Morphophysiological and Biochemical Responses of Zea mays L. under Cadmium and Drought Stresses Integrated with Fungal and Bacterial Inoculation

Cadmium and drought stress are the most destructive of the abiotic stresses with negative effects on both metabolism and photosynthesis. The present experiment aimed to analyze the impact of inoculation with Bacillus paralicheniformis and Trichoderma asperellum on the growth and antioxidant response modulation of maize (Zea mays L.), under drought and Cadmium (Cd) stresses. Regarding plant biomass analysis, fungi inoculation increased leaf dry biomass significantly (11.92%) towards uninoculated ones.
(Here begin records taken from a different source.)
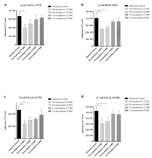 - Mulvey, M.A. Adhesion and entry of uropathogenic Escherichia coli. Cell. Microbiol. 2002, 4, 257–271. [Google Scholar] [CrossRef]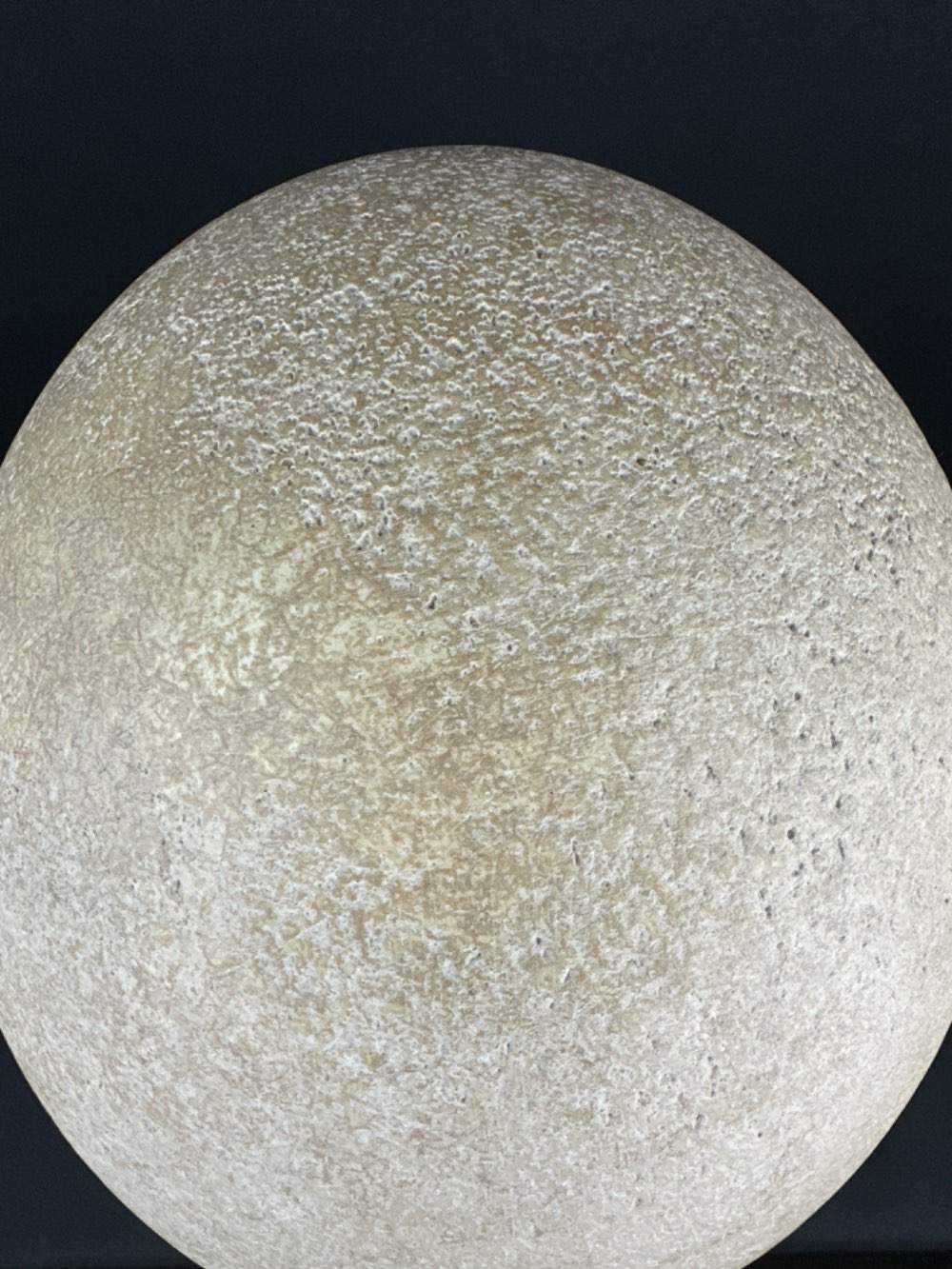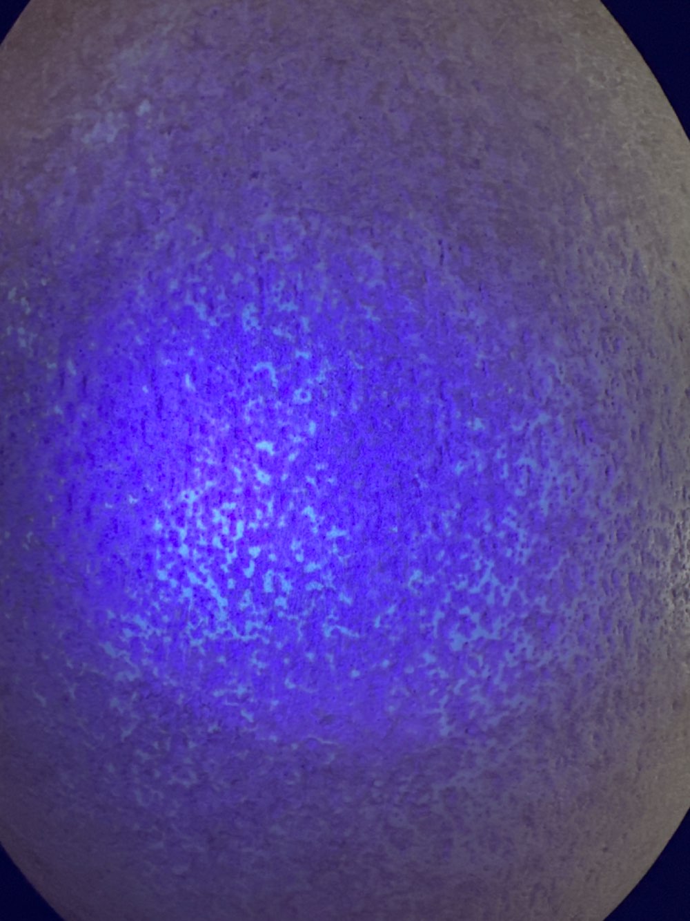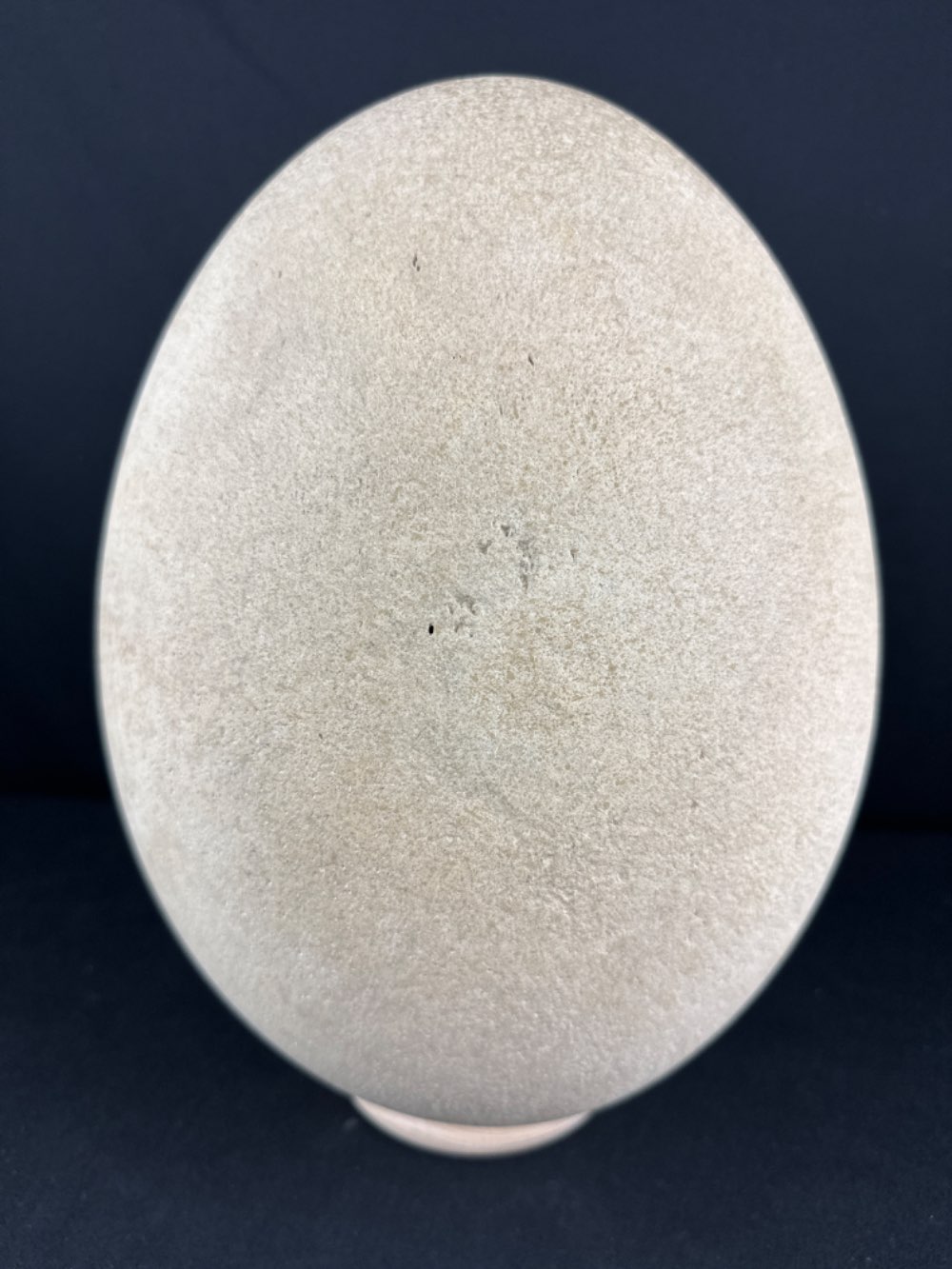 Many of the complete eggs have a hole in them which could be because natives used them in the past for water containers although this is not for sure. This egg also had a small hole which is professionally closed for optical reasons. With UV light it is recognizable as it doesn't show the green reflections. Picture with UV light included.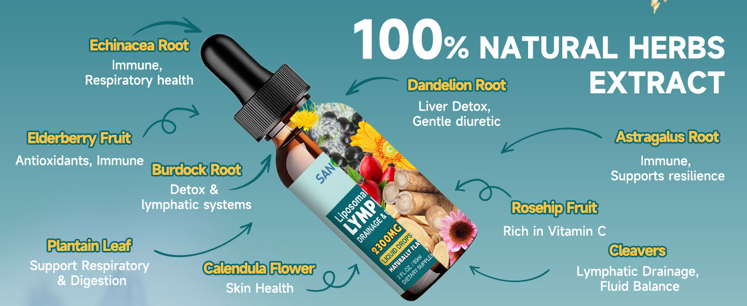 مزيج عشبي 9 في 1: تركيبة قطرات التصريف اللمفاوي SANISCE مستخرجة من 9 أعشاب طبيعية مع إشنسا بوربوريا، البلسان، استراغالوس، الهندباء، أعشاب السواطير، الأرقطيون، ثمر الورد، زهرة الآذريون، وأوراق لسان الحمل في تركيبة واحدة مناسبة لتوفير دعم شامل لنظامك الليمفاوي. تركيبة نباتية نظيفة مصممة للجهاز اللمفاوي وتساهم في الصحة العامة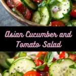 A crisp and refreshing Asian cucumber and tomato salad tossed in a tangy soy-sesame dressing with garlic and a mild chili kick. This easy side dish is light, flavorful, and perfect for making ahead.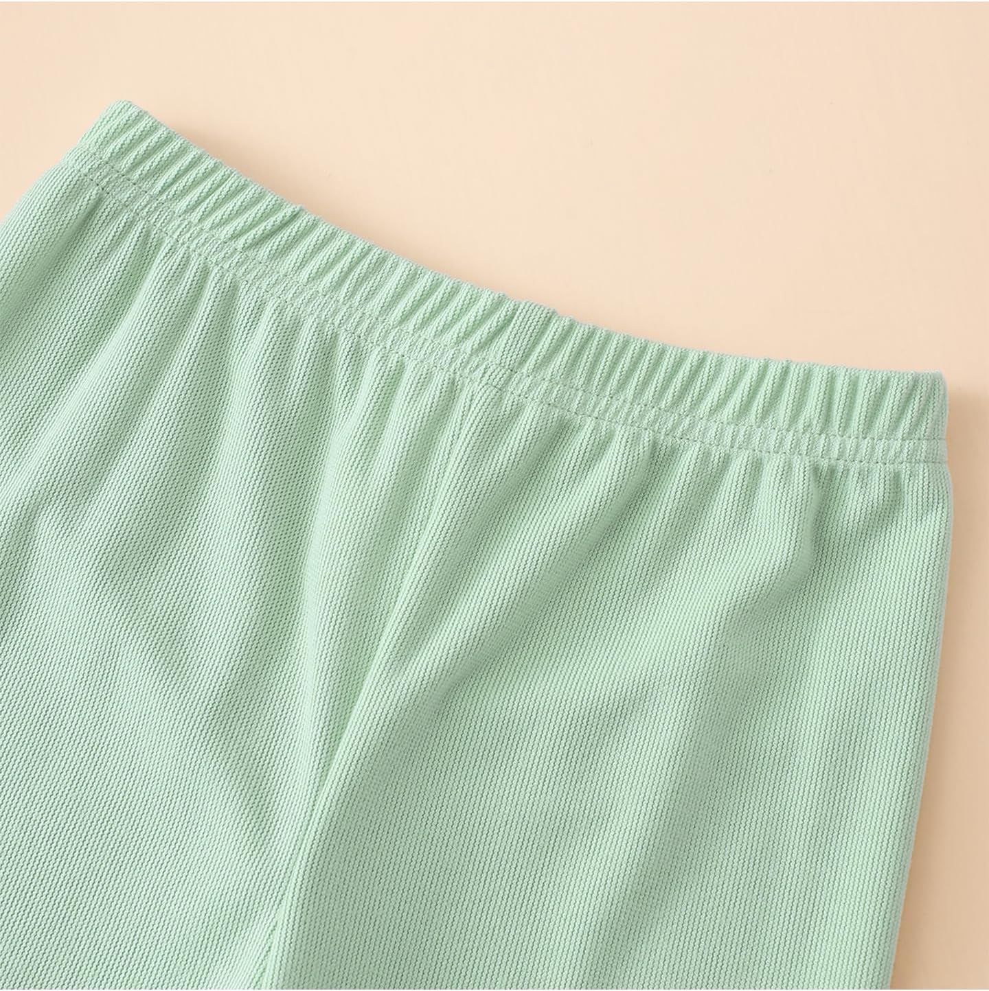 Adorable toddler girls pant set has simple colors and patterns on it.Pattern:FlowerLadybirdHeart LeopardDinosaur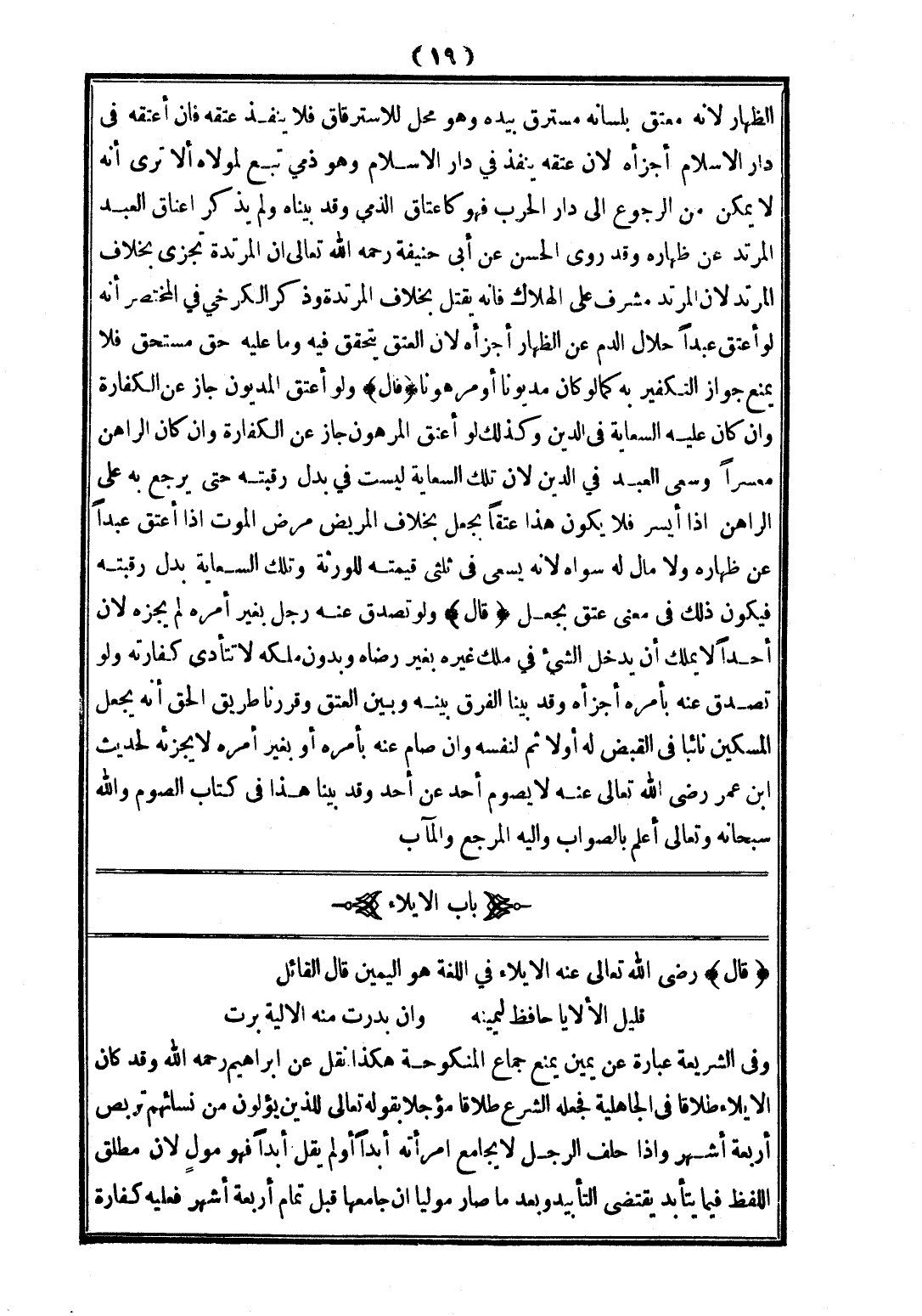 (قَالَ): - رَضِيَ اللَّهُ تَعَالَى عَنْهُ - الْإِيلَاءُ - فِي اللُّغَةِ - هُوَ الْيَمِينُ قَالَ الْقَائِلُ: قَلِيلُ الْأَلَايَا حَافِظٌ لِيَمِينِهِ وَإِنْ بَدَرَتْ مِنْهُ الْأَلِيَّةُ بَرَّتْ، - وَفِي الشَّرِيعَةِ - عِبَارَةٌ عَنْ يَمِينٍ يَمْنَعُ جِمَاعَ الْمَنْكُوحَةِ، هَكَذَا نُقِلَ عَنْ إبْرَاهِيمَ - رَحِمَهُ اللَّهُ تَعَالَى -، وَقَدْ كَانَ الْإِيلَاءُ طَلَاقًا فِي الْجَاهِلِيَّةِ فَجَعَلَهُ الشَّرْعُ طَلَاقًا مُؤَجَّلًا بِقَوْلِهِ تَعَالَى: {لِلَّذِينَ يُؤْلُونَ مِنْ نِسَائِهِمْ تَرَبَّصُ أَرْبَعَةِ أَشْهُرٍ.} [البقرة: 226] وَإِذَا حَلَفَ الرَّجُلُ لَا يُجَامِعُ امْرَأَتَهُ أَبَدًا أَوْ لَمْ يَقُلْ أَبَدًا فَهُوَ مُولٍ؛ لِأَنَّ مُطْلَقَ اللَّفْظِ فِيمَا يَتَأَبَّدُ يَقْتَضِي التَّأْبِيدَ وَبَعْدَمَا صَارَ مُولِيًا إنْ جَامَعَهَا قَبْلَ تَمَامِ أَرْبَعَةِ أَشْهُرٍ فَعَلَيْهِ كَفَّارَةُ

The leaf area was affected significantly by bacterial application, 12.15% more than the control. A significant trend (drought+ Cd stress) was observed between fungi-inoculated maize leaves (15.07 & mu;mol/g FW) and bacterial-inoculated leaves (18.71 & mu;mol/g FW) regarding the malondialdehyde quantity. Furthermore, the activities of superoxide dismutase were notably higher (9.63-40.88%) in microorganism-inoculated roots. Similarly, under drought + Cd stress, peroxidase demonstrated a higher activity under bacterial inoculation than fungal ones (92.11% more). The maximum translocation factor was observed in the uninoculated group (under Cd stress), while the bioconcentration factor under drought stress showed a significant increase by microorganisms. The maximum relative water content under bacterial inoculation (82.66%) was achieved. The fungi and bacterial inoculation minimized Cd accumulation in the leaf significantly under drought and drought + Cd stress. Generally, the microorganism inoculation positively and partially maintained the plant's performance, despite the presence of drought and Cd stress.